• Collected material:

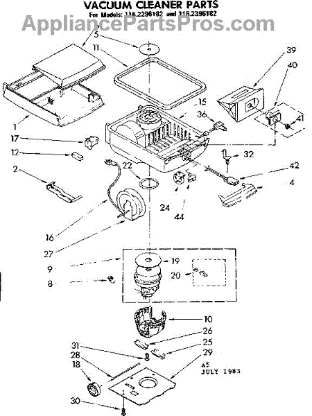 Parts for Kenmore 116.2296182 (1162296182, 116 2296182): Base Assembly Parts
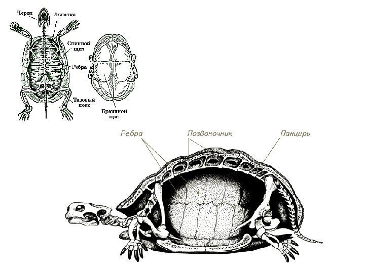 Многообразие Отряд Черепахи (250 видов). Это наиболее необычная группа рептилий, характерной особенностью которых является наличие панциря. Панцирь состоит из брюшного и спинного щита, связанных сухожильной связкой, либо прочно сращенных костной перемычкой. Спинной щит — карапакс — состоит из ребер и большей части позвоночника, слившихся друг с другом и с костными пластинами, образованными кожей. Брюшной щит — пластрон — образован также костными пластинами кожного происхождения, слившимися с грудиной и ключицами. Панцирь большинства черепах покрыт роговыми щитками. Кроме того, для черепах характерно отсутствие зубов, их челюсти покрыты роговыми чехлами.
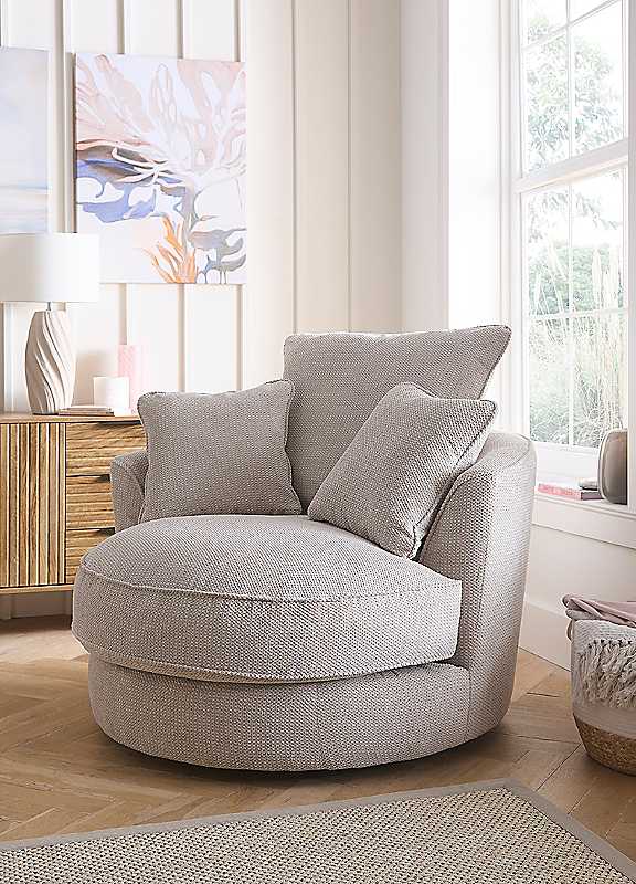 Designed for both comfort and durability, this swivel chair features a sprung seat and elasticated back webbing, paired with a high-performance Duoflex seat interior for long-lasting comfort. Fibre-filled standard backs are complemented by fibre-filled scatter cushions for a relaxed, inviting feel. Expertly crafted with a hardwood and composite board frame, the structure is reinforced using dowelled, screwed, glued, and stapled joinery for exceptional strength. To improve the longevity of your hand-made furniture, we recommend turning cushions often to ensure even wear over time. For further information on maintaining your furniture, please refer to the Care Guide located under the seat platform.Weight of product: 34kgOverall assembled dimensions approx. (H) 90cm x (W) 114cm x (D) 111cmArm height approx. 63 cmSeat Dimensions 104cmBack Dimensions 71cmWeight Capacity 110KgRemovable CushionsFloor to Seat 48cmLeg Material - PlasticSuggested number of people for assembly: 2Product Care - See Care Label100% PolyesterPlease remember to measure your available space before ordering. If using on an un-carpeted floor we recommend rubber or felt protection pads be used under the legs to avoid damage to your floors. Please note that product images on our website are for illustration only. We strive to show accurate colours, but variations may occur due to different device displays. Thank you for understanding! | fabric swivel chair, upholstered swivel chair, swivel accent chair, swivel chair
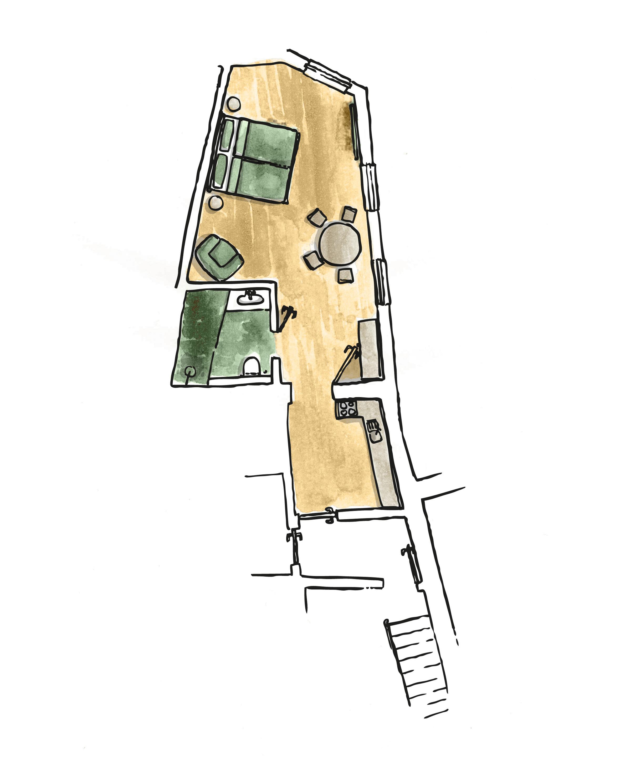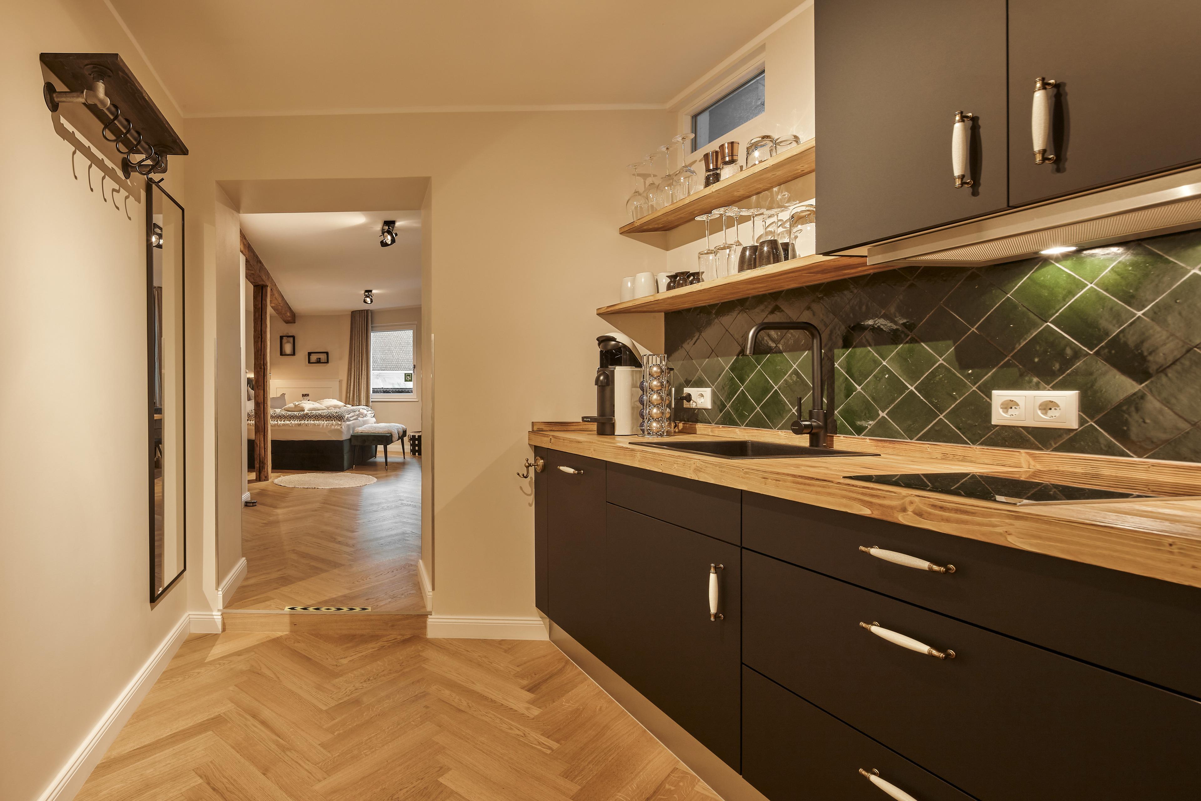 Die Wohnung liegt im 1. Obergeschoß und verfügt über einen eigenen Eingang. Der großzügige Wohnschlafraum bietet genügend Raum für den Essbereich, eine gemütlichen Sessel zum Entspannen sowie das große Premium-Boxspringbett. Die Designküche ist -bis auf einen Ofen- voll ausgestattet und enthält neben Kühlschrank, Herd und Spülmaschine auch Gläser, Geschirr, Besteck, Weinöffner und alles Weitere was Sie für ein leckeres Frühstück oder ein gemeinsames Abendessen benötigen. Mit der Nespresso-Vertuo Machine inkl. einer kostenlosen Erstausstattung an Kapseln bereiten Sie am Morgen nach dem Aufstehen den perfekten Kaffee und am Nachmittag Ihren leckeren Espresso zu. Die Wohnung verfügt außerdem über kostenfreies WLAN einen 4K-LED-TV sowie einen hochwertigen Bluetooth-Lautsprecher.

• Assigned task:
Pictures excluded, repeat the material above from its first line through the line containing "Многообразие Отряд Черепахи", both included.

• Exercise response:
 Parts for Kenmore 116.2296182 (1162296182, 116 2296182): Base Assembly Parts
 Многообразие Отряд Черепахи (250 видов). Это наиболее необычная группа рептилий, характерной особенностью которых является наличие панциря. Панцирь состоит из брюшного и спинного щита, связанных сухожильной связкой, либо прочно сращенных костной перемычкой. Спинной щит — карапакс — состоит из ребер и большей части позвоночника, слившихся друг с другом и с костными пластинами, образованными кожей. Брюшной щит — пластрон — образован также костными пластинами кожного происхождения, слившимися с грудиной и ключицами. Панцирь большинства черепах покрыт роговыми щитками. Кроме того, для черепах характерно отсутствие зубов, их челюсти покрыты роговыми чехлами.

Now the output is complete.